SAUTE OF SQUID, SHRIMP AND EGGPLANT

Recipe By :
Serving Size : 4 Preparation Time :0:00
Categories : Seafood

Amount Measure Ingredient -- Preparation Method
-------- ------------ --------------------------------
2 medium Eggplants
Salt
1 small Squid -- cleaned
16 large Shrimp
1 Red bell pepper
1 Green bell pepper
4 Tomatoes
Olive oil
3 Garlic cloves -- minced
1 teaspoon Chili powder
1 Lemon (juice only)

Peel eggplants and cut into 1/4-inch-thick slices lengthwise.

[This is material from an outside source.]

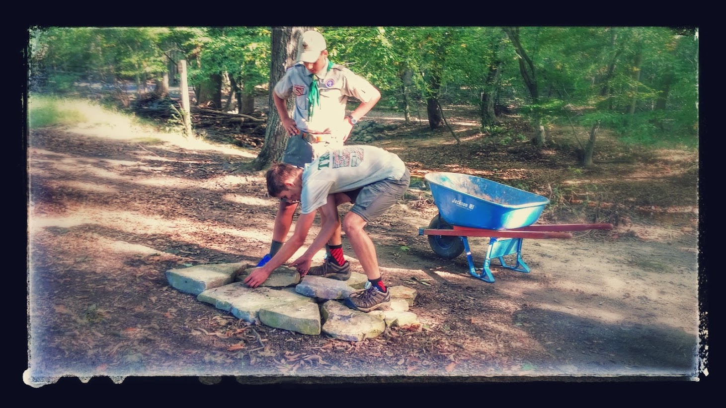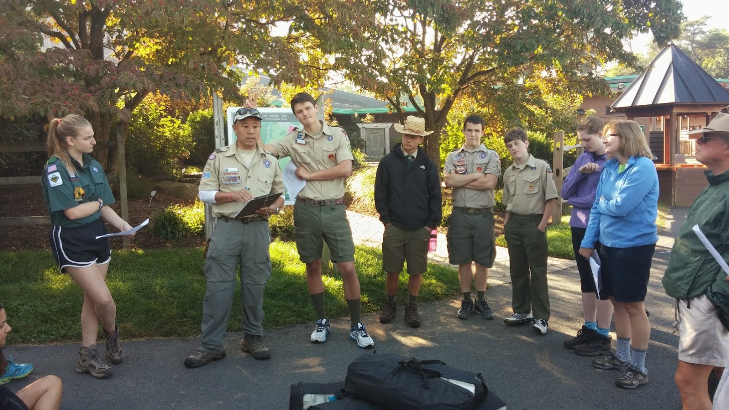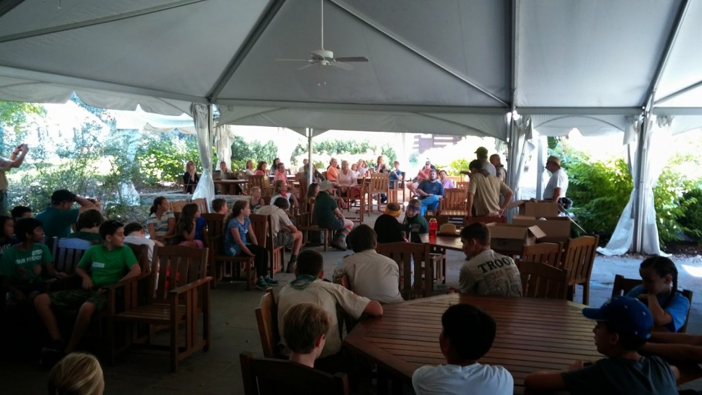 The volunteers arrives at 8:00 a.m. on Sunday morning to prepare the equipment and the camping area, which was located in a large field and part of the woods next to a stream. When the campers arrived at 11:00 a.m., they left their parents and joined in on a game of sharks and minnows led by Thomas Windus. Scouts eventually led the campers to the field where they were split up into patrols of 9 campers, one Troop 55 scout for patrol leader, a venture scout assistant patrol leader, and an adult volunteer. Each patrol conducted team building activities and thought of a patrol name. The four patrols were the Pokemon, the Bandits, the Seahawkz, and the Brownies.

Sprinkle with
salt
on both sides and chill 1 hour to allow bitter flavors to leach out. Cut into
1/4-inch strips, reserving 4 whole slices. Cut body of squid into 1/2-inch
diagonal slices. Keep tentacle section whole. Reserve. Shell and devein shrimp.
Cut peppers into 1/8-inch strips. Peel and seed tomatoes and chop coarsely.
Heat
2 tablespoons olive oil in skillet until hot. Add reserved 4 whole slices
eggplant and cook until golden brown on both sides. Do not overcook. Remove
from
heat and keep warm. Reduce heat and add pepper strips and garlic, adding more
oil as needed. Saute 1 minute. Add squid, reserved tentacles, shrimp and
eggplant strips. Cook until shrimp turn pink. Add chili powder and tomatoes.
Continue to simmer gently. Add salt and lemon juice to taste. Remove from heat.
Place slice of eggplant on each plate. Spoon shrimp mixture over eggplant.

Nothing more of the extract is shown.